La vie privée d'autrefois; Arts et métiers, modes, moeurs, usages des parisiens du XIIe au XVIIIe siècle. Les soins de toilette; Le savoir-vivre
Voici le passage auquel je fais allusion, page 121:
«Le lendemain, j'entrai chez elle en même temps que sa femme de chambre; elle fit tirer les rideaux et se leva. Tandis que ma sœur préparait une chemise, madame, qui se trouvait debout vis à vis de moi, laissa subitement couler celle qu'elle avait sur le corps, et resta nue comme une statue de marbre. J'étais interdit et n'osais lever les yeux sur elle... Quand je fus seul avec ma sœur, je lui demandai si madame du Châtelet changeait ainsi de chemise devant tout le monde; elle me dit que non, mais que devant ses gens elle ne se gênait nullement, et elle m'avertit qu'une autre fois, quand pareille chose arriverait, je ne fisse pas semblant de m'en apercevoir.
«Cependant, quelques jours après, au moment où elle était, dans son bain, elle sonna. Je m'empressai d'accourir dans sa chambre; ma sœur, occupée ailleurs, ne s'y trouvait point alors.
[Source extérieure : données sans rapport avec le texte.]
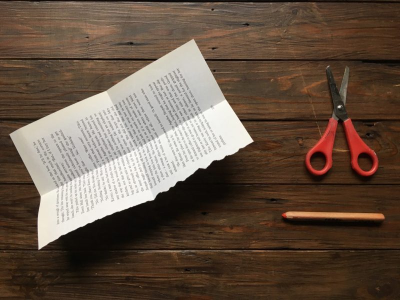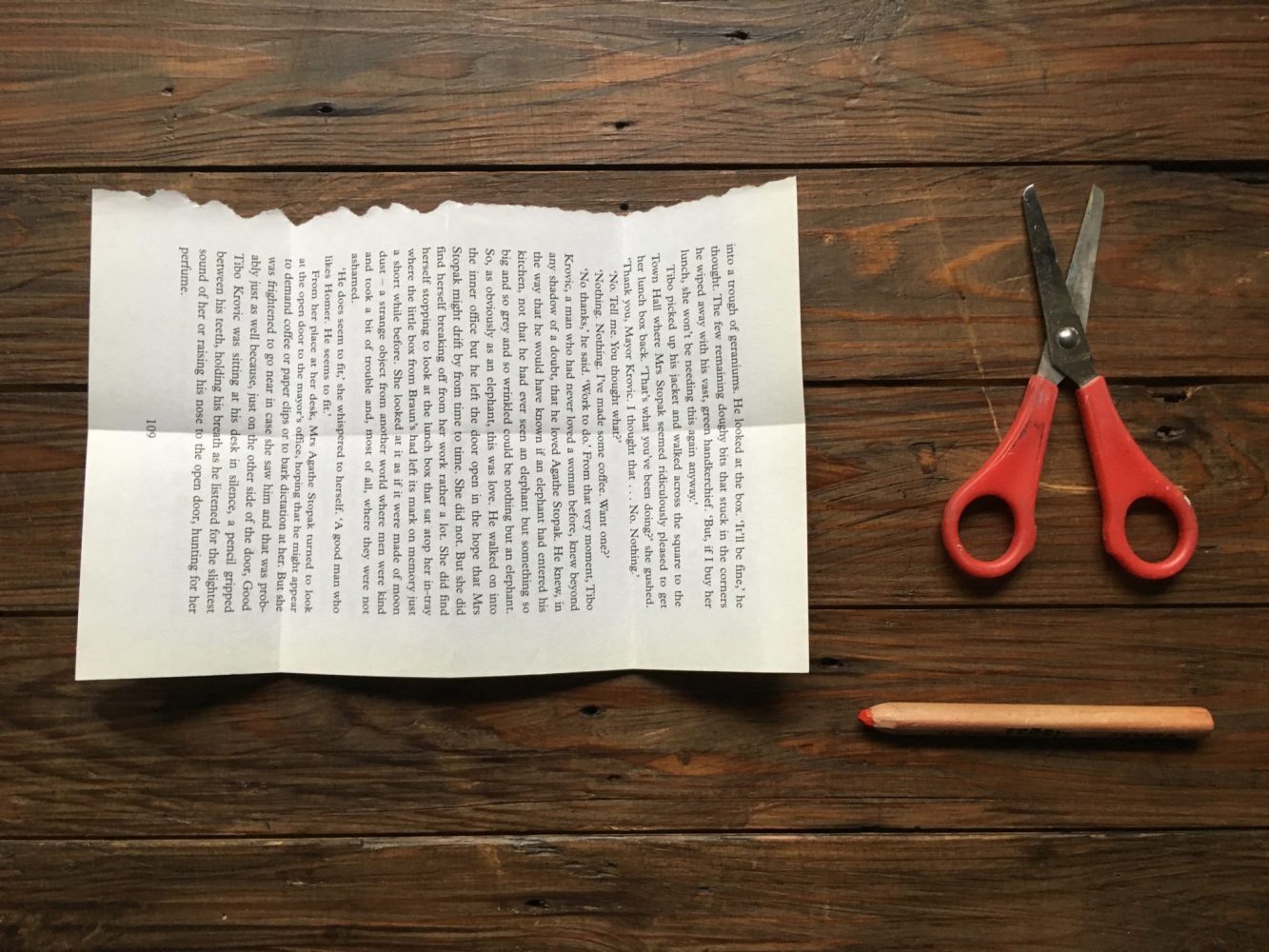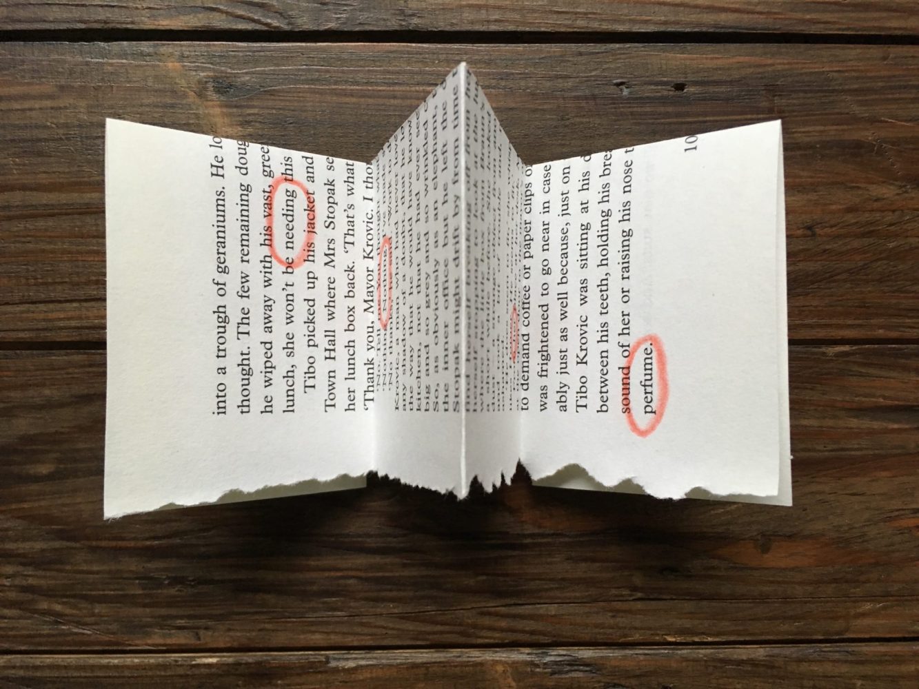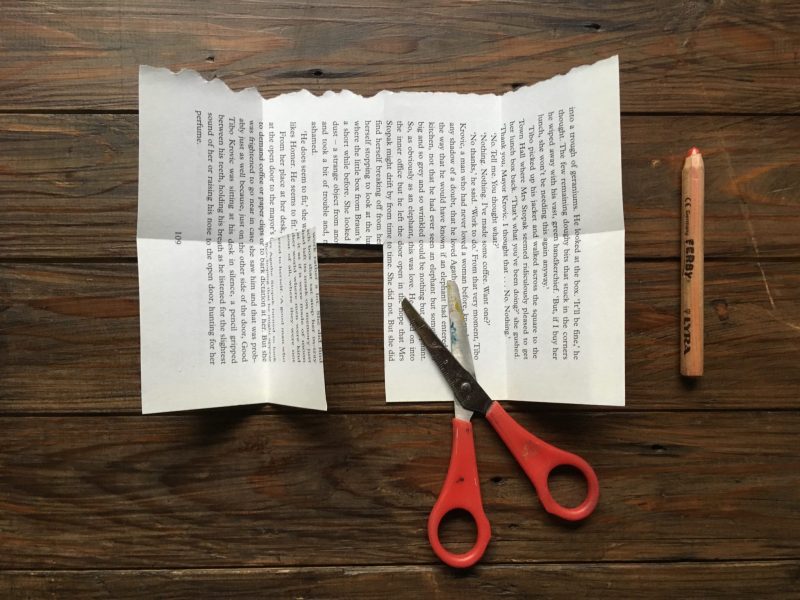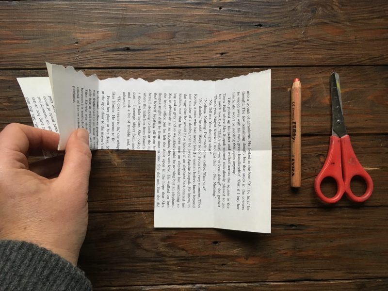 Page torn from an old novel (found in a charity shop or in the sale box of your local library.)
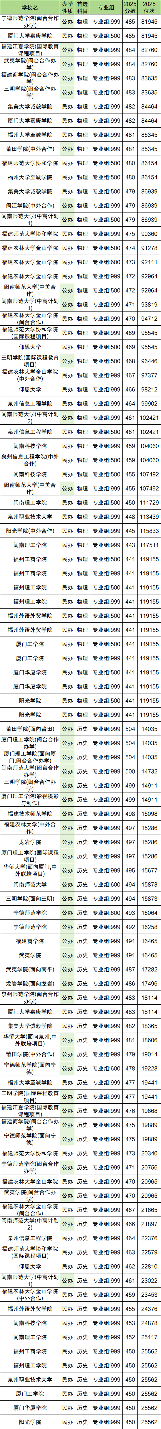 其中福建二本线最低的公办大学:历史类是闽南师范大学(中高计划1),2025年最低461分(过线11分);物理类是闽南师范大学(中美合作),2025年最低455分(过线14分)。
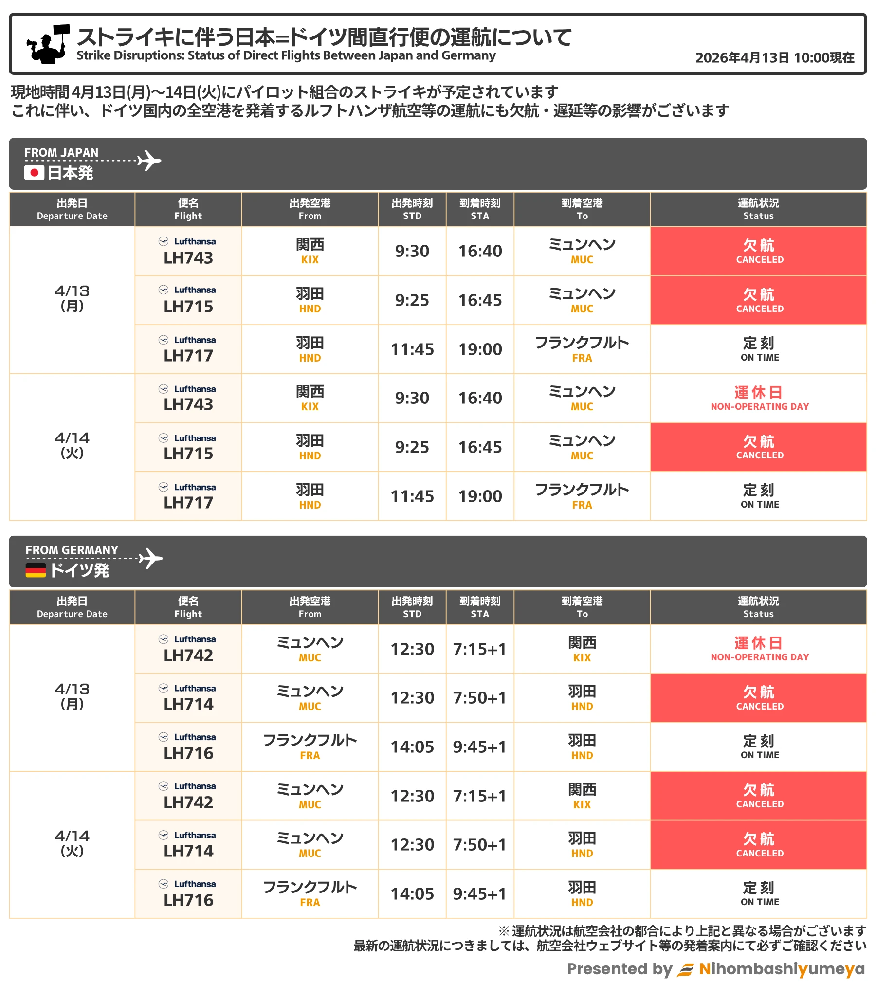 本記事に記載の情報は、記載時点(2026年4月13日)における公開情報に基づいています。ストライキの状況・運航への影響は今後随時変更される場合があります。
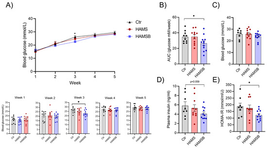 Over the course of 5 weeks, no major differences in fasting blood glucose were observed between the three groups (Figure 4A). Only in week 3 the HAMSB-fed mice had significantly lower blood glucose levels compared to the Ctr group (Figure 4B). As a measure of blood glucose control during the entire experimental period, we calculated the area under the blood glucose curve. The HAMSB-fed mice had significantly lower blood glucose compared to the Ctr mice (Figure 4B). Furthermore, we observed a non-significant (p = 0.059) decrease in plasma insulin in mice fed HAMSB for 5 weeks (Figure 4D). Analysis of fasting blood glucose (Figure 4C) and insulin levels (Figure 4D) together, in the homeostatic model assessment for insulin resistance (HOMA-IR), showed that HAMSB-fed mice had a significantly lower HOMA-IR compared to Ctr mice (Figure 4E). HAMS did not affect blood glucose, plasma insulin levels or HOMA-IR (Figure 4). Together, this indicates that although mice fed HAMSB gained more weight compared to Ctr mice, they developed less severe hyperglycemia and have improved insulin sensitivity.
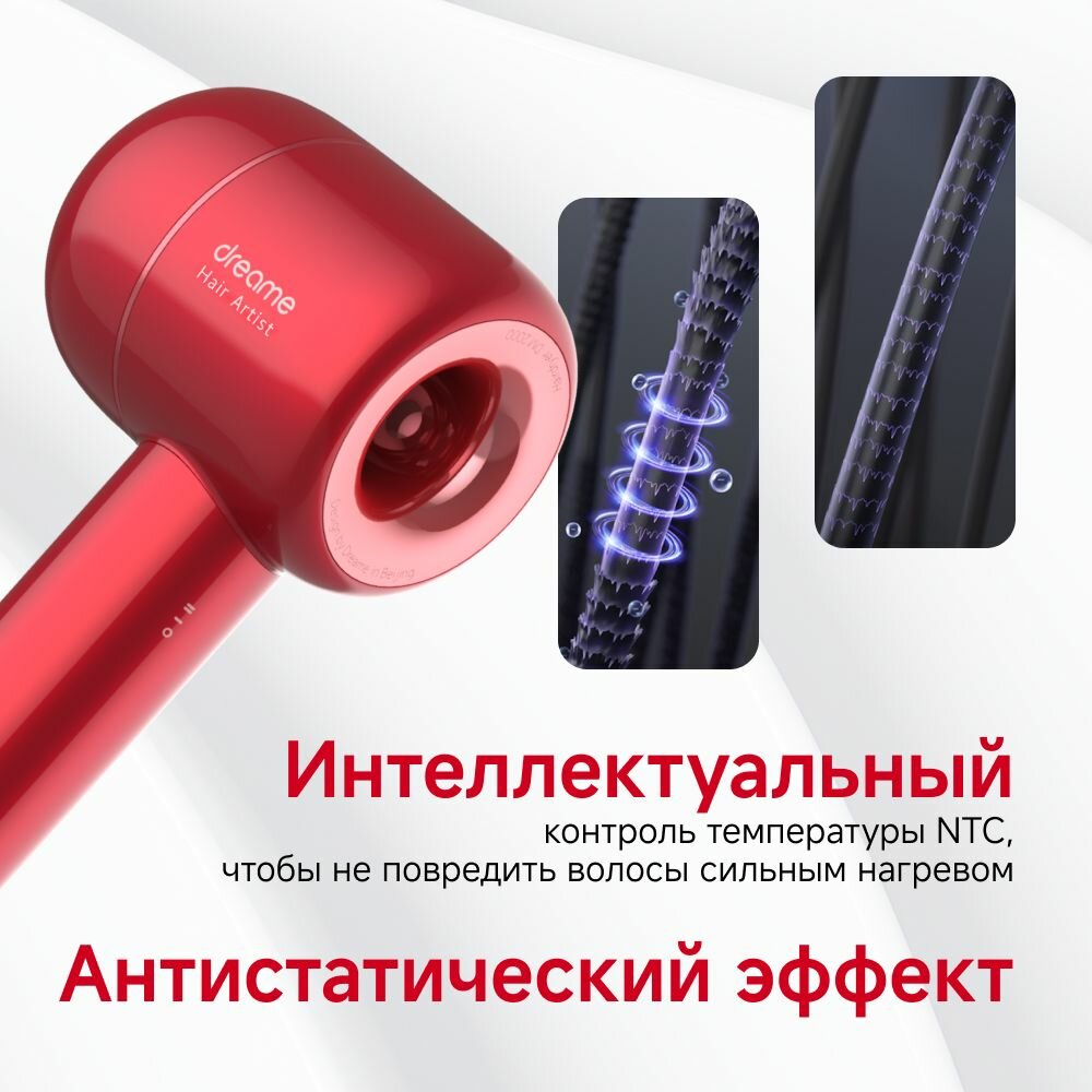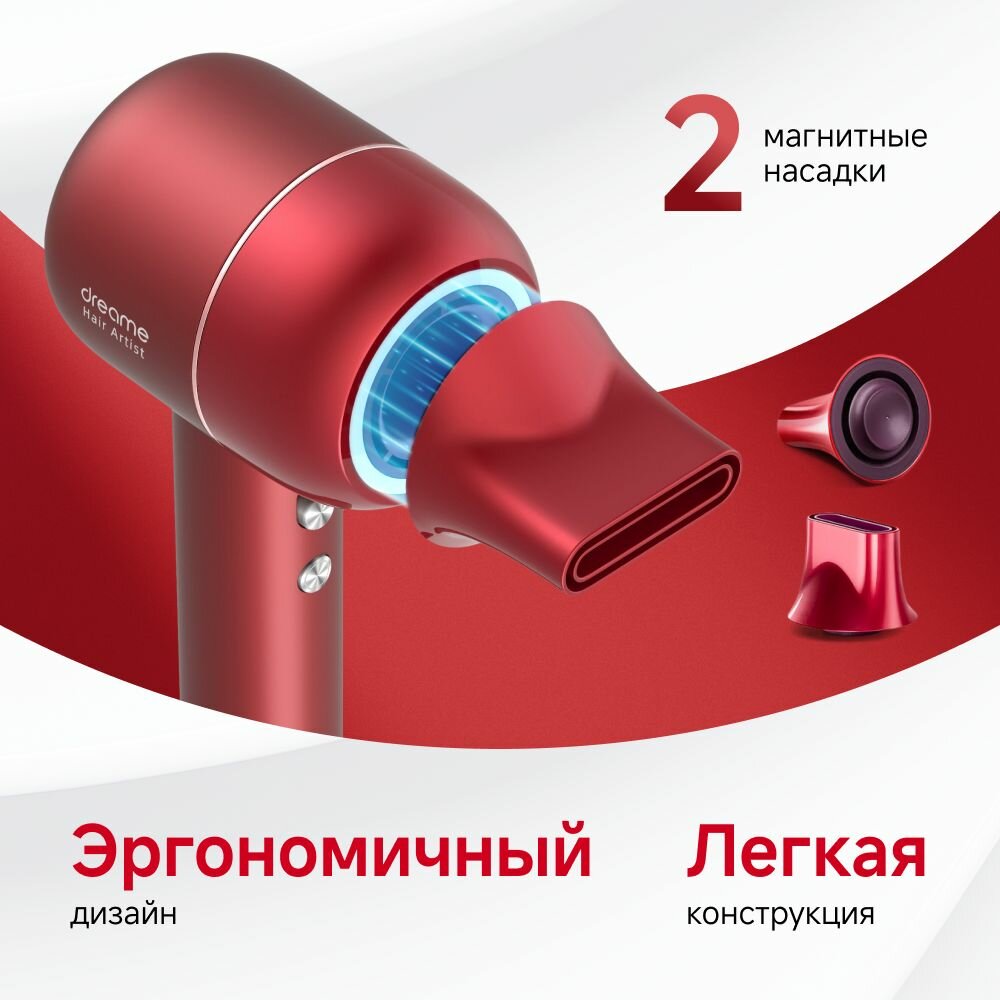 Купить Фен для волос Dreame Hair Artist Red AHD5-RE0, 3 температурных режима, 2 скорости, светодиодный индикатор, 2 магнитные насадки, красный

Madame du Châtelet me dit de prendre une bouilloire qui était devant le feu, et de lui verser de l'eau dans son bain, parce qu'il se refroidissait. En m'approchant, je vis qu'elle était nue, et qu'on n'avait point mis d'essence dans le bain, car l'eau en était parfaitement claire et limpide. Madame écartait les jambes, afin que je versasse plus commodément et sans lui faire mal l'eau bouillante que j'apportais. En commençant cette besogne, ma vue tomba sur ce que je ne cherchais pas à voir. Honteux et détournant la tête autant qu'il m'était possible, ma main vacillait et versait l'eau au hasard: «Prenez donc garde, me dit-elle brusquement d'une voix forte, vous allez me brûler.» Force me fut d'avoir l'œil à mon ouvrage, et de l'y tenir, malgré moi, plus longtemps que je ne voulais.
«Cette aventure me parut encore plus singulière que le changement de chemise. Je n'étais pas encore familiarisé avec une telle aisance de la part des maîtresses que je servais... J'ai été à même de juger que les grandes dames ne regardaient leurs laquais que comme des automates. Je suis convaincu que madame du Châtelet dans son bain, en m'ordonnant de la servir, ne voyait pas même en cela une ombre d'indécence, et que mon individu n'était alors à ses yeux ni plus ni moins que la bouilloire que j'avais à la main[317].»
Soulavie[318], de son côté, raconte le fait suivant, bien invraisemblable de toute manière, et qui ne se concilie guère avec ce que madame Campan nous dit de la réserve que montra toujours sur ce point Marie-Antoinette: «Un ecclésiastique remarquable par son âge, ses vertus et sa réputation dans une des parties de l'art de guérir, appelé auprès de la Reine, la trouva nue, étendue dans un bain. Le vieillard recule, elle le rappelle, et il est obligé de lui répondre et de rester dans une situation où il pouvait admirer le plus beau corps qu'eût jamais produit la nature.»